# Thread: [SOLVED] How to solve this equation?

1. ## [SOLVED] How to solve this equation?

By using the substitution $\displaystyle u = \frac{1}{x} + x$, show that the equation $\displaystyle 6x^4 - 25x^3 + 12x^2 - 25x + 6 = 0$ can be expressed as $\displaystyle 6u^2 - 25u = 0$. Hence, solve the equation giving your answer correct to two decimal places.

2. $\displaystyle 6u^2-25u=0$ --------- (1)

Substituting $\displaystyle u=x+\frac{1}{x}$ in (1),

$\displaystyle 6(x+\frac{1}{x})^2-25(x+\frac{1}{x})=0$

$\displaystyle 6(x^2+2+\frac{1}{x^2})-25(x+\frac{1}{x})=0$

$\displaystyle 6(x^4+2x^2+1)-25(x^3+x)=0$

$\displaystyle 6x^4-25x^3+12x^2-25x+6=0$

3. How about the roots? How to solve the roots? The answers given in the book are 3.91, 0.26, i and -i. How did they got it? Showing steps are very much welcomed. Thanks.
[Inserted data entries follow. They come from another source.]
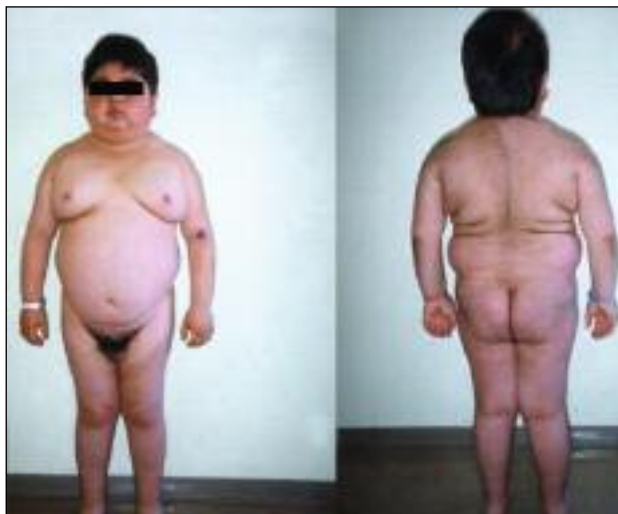
Slika 12. Tipičen videz osemletnega otroka s Cushingovo boleznijo zaradi adenoma hipofize, ki prekomerno izloča adrenokortikotropni hormon. Otrok je nizke rasti, ima lunast obraz, centripetalno kopičenje maščevja in strije.
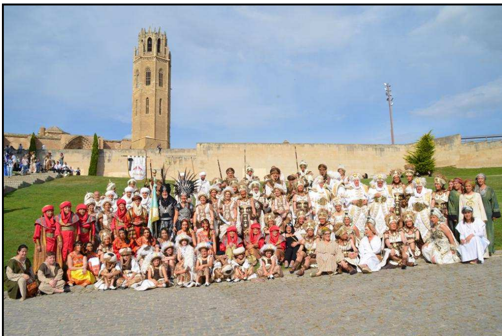
La comparsa dels Al·leridís a la Seu Vella de Lleida
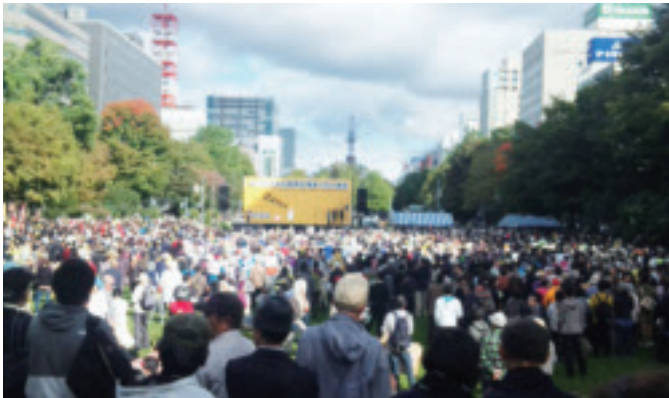
2012(平成24)年10月13日 札幌さようなら原発1万人集会

しかし、東電からはいまだに、申立人らの請求に対する具体的な認否（回答）が返ってきていません。半年以上にわたり放置されている状況です。東電の不誠実さは今に始まったことではありませんが、それにし
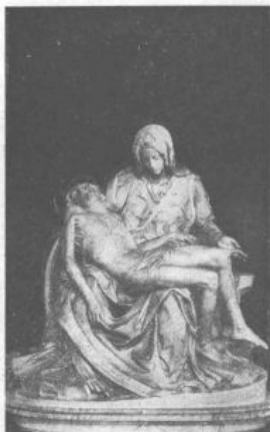
Marija, mati žalosti, reši nas večnoga pogübljenja. Podoba Michel Angeloja v cerkvi sv. Petra v Rimu.

Vi morate priti do spoznanja. Je med vami takši, šteri bi raj meo pekeo kak pokoro? Joj, če bi samo eden bio, te bi s tem jasno dokazao, da resno ešče nikdar ne premislo, kakše je strahovito pogüblenje. Ne zamerite mi zato, če jaz to jütro vse drügo pri strani püstim i se omejim samö na to, da vam opišem pogüblenje.

4. $\displaystyle 6u^2-25u=0$

$\displaystyle u(6u-25)=0$

$\displaystyle u=0$ or $\displaystyle u=\frac{25}{6}$

1. $\displaystyle u=0$

$\displaystyle x+\frac{1}{x}=0$

$\displaystyle x=-\frac{1}{x}$

$\displaystyle x^2=-1$

$\displaystyle x=\pm i$

2. $\displaystyle u=\frac{25}{6}$

$\displaystyle x+\frac{1}{x}=\frac{25}{6}$

$\displaystyle \frac{x^2+1}{x}=\frac{25}{6}$

$\displaystyle 6x^2-25x+6=0$

$\displaystyle x=\frac{25\pm \sqrt{625-144}}{12}$

$\displaystyle x=\frac{25\pm \sqrt{481}}{12}$

$\displaystyle x=\frac{25\pm 21.93}{12}$

$\displaystyle x=3.91$ or $\displaystyle 0.26$

5. Hello, mark1950!

This requires Olympic-level gymnastics . . .
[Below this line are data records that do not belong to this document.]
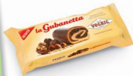
LA GUBANETTA Flow Pack - 400 g Prodotto tipico regionale a base di pasta lievitata con ripieno di frutta secca. Typical regional leavened baked cake with nut filling.
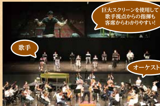
巨大スクリーンを使用して歌手視点からの指揮も客席からわかりやすい!
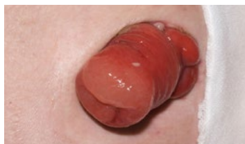
Stomie po operaci
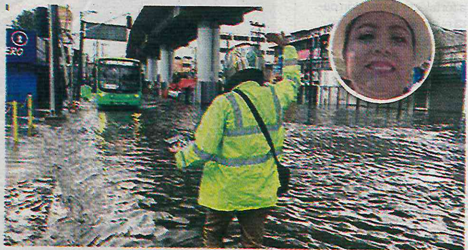
A Hernández Calderón no le importa que la gente sea la que sufra esto

El gobierno de la morenista informó que, en el primer trimestre de este año, los vecinos presentaron 360 peticiones de desazolve, de las cuales 237 se
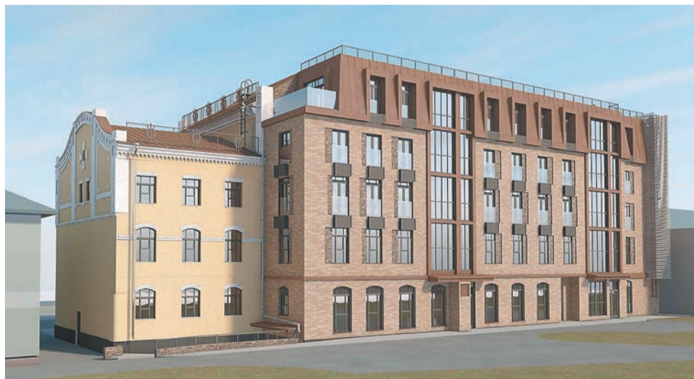
Внутренняя, «скрытая» часть здания будет осовременена

By using the substitution $\displaystyle u = x + \frac{1}{x}$ .show that the equation:

$\displaystyle 6x^4 - 25x^3 + 12x^2 - 25x + 6 \:=\: 0$ can be expressed as $\displaystyle 6u^2 - 25u \:=\: 0$.

Hence, solve the equation, giving your answer correct to two decimal places.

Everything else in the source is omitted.